Copy only those lines which run from the line containing "Indice des actions" to the end of the entries below, both inclusive, exactly as written and with no pictures.

_INFORMATION_
___
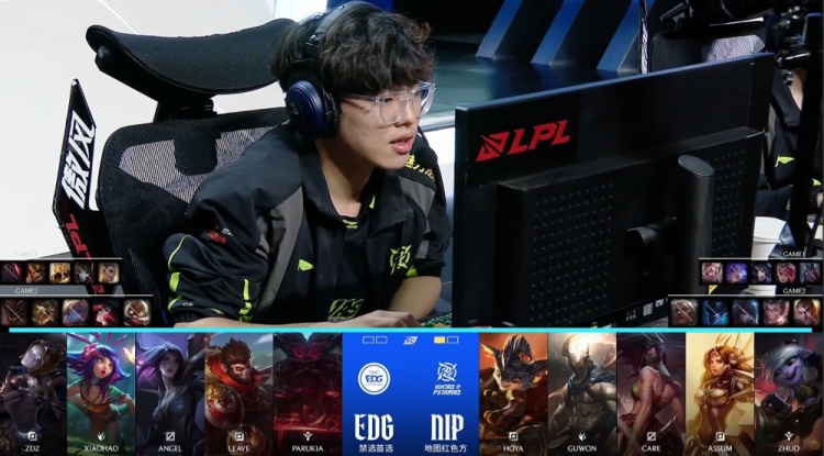中期Guwon潘森再找Leave被反杀,Guwon战绩来到0-3-3。小龙团Care阿卡丽开大进场直接被融化,NIP中野阵亡送EDG大龙,EDG经济领先7k。
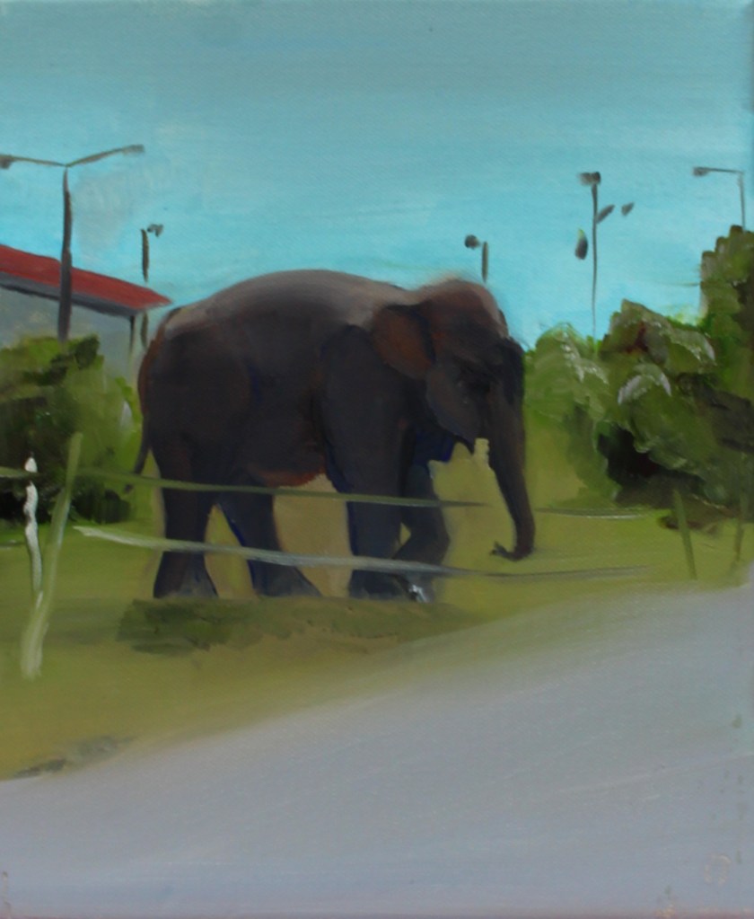 A Vendég című festményen egy elefánt a főszereplő, ami nem a megszokott állatkerti vagy cirkuszi közegben van, hiszen a háttérben házak és villanypózna sejlik fel. A festmény mérete meglepően kicsi, intim, ami feszültséget kelt a valóságban nagyméretű állathoz viszonyítva. Az elefánt egy véletlen földesúti séta alkalmával bukkant fel előttem, teljesen meglepő módon. Irreális helyzetnek éreztem és elindított bennem több gondolatot és érzést. Köztudott, hogy az elefántoknak szoros kapcsolata van halott egyedeivel, és egyfajta gyász folyamaton mennek keresztül egy-egy halálesemény bekövetkeztekor. Emiatt az elmúlás, a halál, a cirkuszi haláltánc jutottak eszembe.
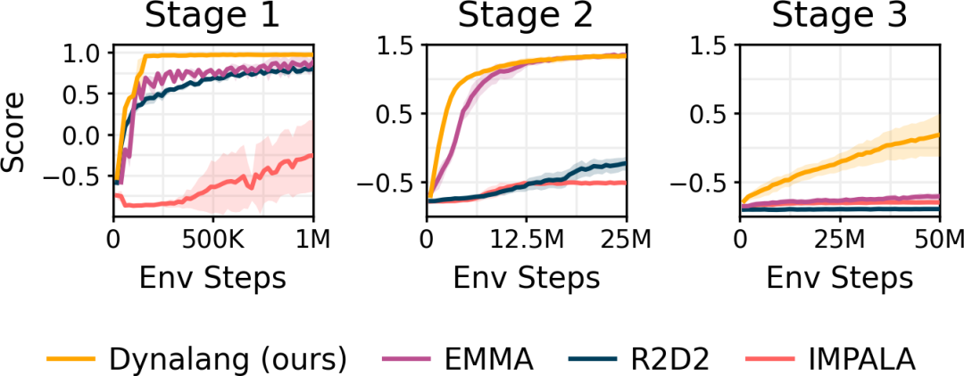 研究者在 Messenger 游戏环境中进行评估,以测试智能体如何从更长、更复杂的文本中学习,这需要对文本和视觉观察进行多次推理。智能体必须对描述每个任务动态的文本手册进行推理,并将其与环境中实体的观察结果结合起来,以确定哪些实体应该接收消息,哪些应该避免。Dynalang 的表现优于 IMPALA、R2D2 以及使用专门架构对文本和观察进行推理的任务特定 EMMA 基线,特别是在最困难的第三阶段。
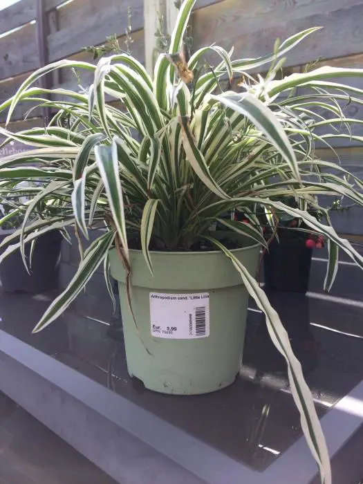 Elle forme un groupe de longues feuilles étroites, vertes semblables à de l’herbe.
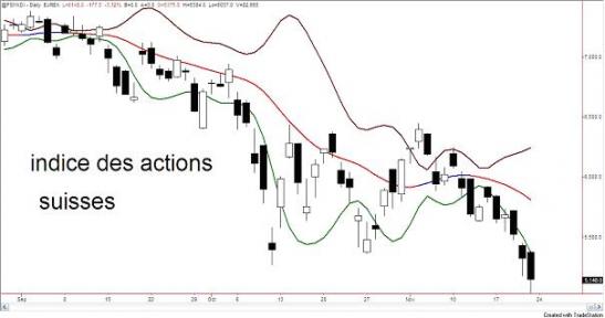 Indice des actions suisses : il est clair que nous avons là un marché baissier. Il ne faut pas acheter tant que le centre de gravité ne devienne bleu. Notre recommandation est de ne pas rester exposé… Car la baisse peut s'accélérer.
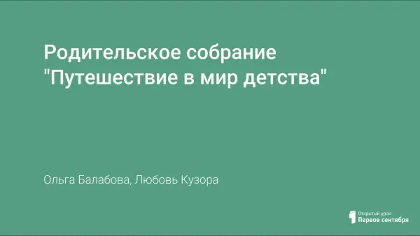 Родительское собрание построено как путешествие по страницам книги «Мир детства». Родители знакомятся с психологическими особенностями детей 2‒3 лет, получают информацию о роли общения и эмоционального контакта между родителями и детьми в период адаптации. Воспитатели предлагают вниманию родителей презентацию «Маленькая страна».
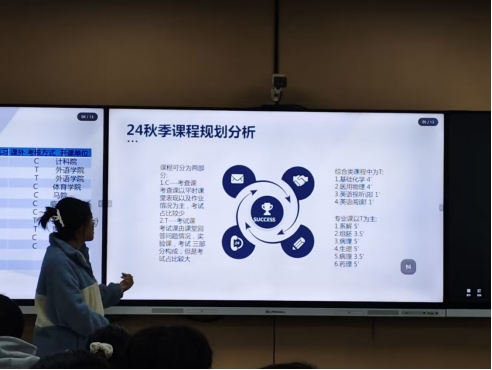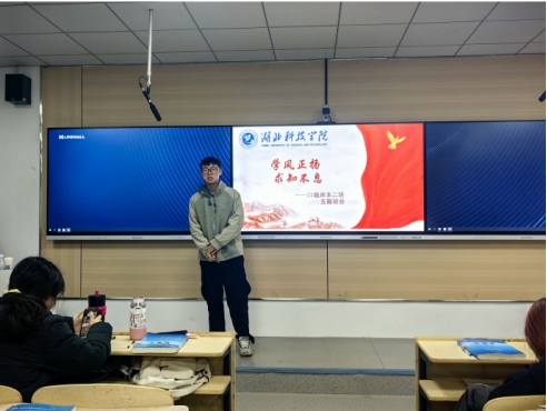 班会中期,各班级优秀员工代表上台分享自己的学习经验。21临床医学(实验)班聂欣雯同学分享了她的期末复习经验:一是确定复习顺序。根据课程的重要性、难易程度以及知识点的关联性来安排复习的优先级。二是预习准备。浏览课程大纲,明确核心要点和考核要求。准备学习工具,如多色笔、笔记本、便签纸,标记重点、记录疑问和总结归纳。三是多次重复学习。医学知识的掌握,重复是关键。第一遍通读教材,全面覆盖内容,建立初步印象。第二遍精读,深入理解知识点内涵、联系及临床应用,搭配做题检验掌握程度。针对错题和模糊知识点,回归教材进行强化复习,然后第三遍快速浏览,巩固记忆,强化知识体系。四是巩固知识点,制作思维导图。总结错题,分析错误原因,包括概念理解、知识点记忆、解题思路等,制作思维导图,整合章节知识点,以人体系统为中心,串联分散知识点,形成有机整体。宏观把握知识架构,提高复习效率。22临床医学1班李爽同学则分享了英语学习的方法,备考英语四六级是一个系统工程,需要持之以恒的努力和科学的方法。通过加强英语单词学习,明确并改善弱项,同时保持并发展强项,能够更有效地提升英语水平,为考试做好充分准备。
___
_ANSWER TO THE PROBLEM_
 Indice des actions suisses : il est clair que nous avons là un marché baissier. Il ne faut pas acheter tant que le centre de gravité ne devienne bleu. Notre recommandation est de ne pas rester exposé… Car la baisse peut s'accélérer.
 Родительское собрание построено как путешествие по страницам книги «Мир детства». Родители знакомятся с психологическими особенностями детей 2‒3 лет, получают информацию о роли общения и эмоционального контакта между родителями и детьми в период адаптации. Воспитатели предлагают вниманию родителей презентацию «Маленькая страна».
 班会中期,各班级优秀员工代表上台分享自己的学习经验。21临床医学(实验)班聂欣雯同学分享了她的期末复习经验:一是确定复习顺序。根据课程的重要性、难易程度以及知识点的关联性来安排复习的优先级。二是预习准备。浏览课程大纲,明确核心要点和考核要求。准备学习工具,如多色笔、笔记本、便签纸,标记重点、记录疑问和总结归纳。三是多次重复学习。医学知识的掌握,重复是关键。第一遍通读教材,全面覆盖内容,建立初步印象。第二遍精读,深入理解知识点内涵、联系及临床应用,搭配做题检验掌握程度。针对错题和模糊知识点,回归教材进行强化复习,然后第三遍快速浏览,巩固记忆,强化知识体系。四是巩固知识点,制作思维导图。总结错题,分析错误原因,包括概念理解、知识点记忆、解题思路等,制作思维导图,整合章节知识点,以人体系统为中心,串联分散知识点,形成有机整体。宏观把握知识架构,提高复习效率。22临床医学1班李爽同学则分享了英语学习的方法,备考英语四六级是一个系统工程,需要持之以恒的努力和科学的方法。通过加强英语单词学习,明确并改善弱项,同时保持并发展强项,能够更有效地提升英语水平,为考试做好充分准备。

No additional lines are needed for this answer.